Dataset records →
—————
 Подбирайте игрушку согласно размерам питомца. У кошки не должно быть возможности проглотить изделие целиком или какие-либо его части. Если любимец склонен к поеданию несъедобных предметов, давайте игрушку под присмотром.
—————
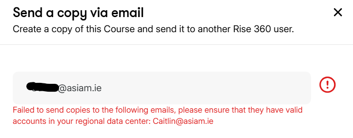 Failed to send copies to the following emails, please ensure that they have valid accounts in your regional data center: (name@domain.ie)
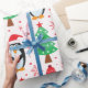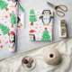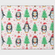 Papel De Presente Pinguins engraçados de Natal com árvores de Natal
—————
Problem requirements → In the data above, find the line with "Failed to send" and the line with "Papel De Presente". Please copy exactly those two lines and every line between them, but not the pictures.

Answer to this problem →
 Failed to send copies to the following emails, please ensure that they have valid accounts in your regional data center: (name@domain.ie)
 Papel De Presente Pinguins engraçados de Natal com árvores de Natal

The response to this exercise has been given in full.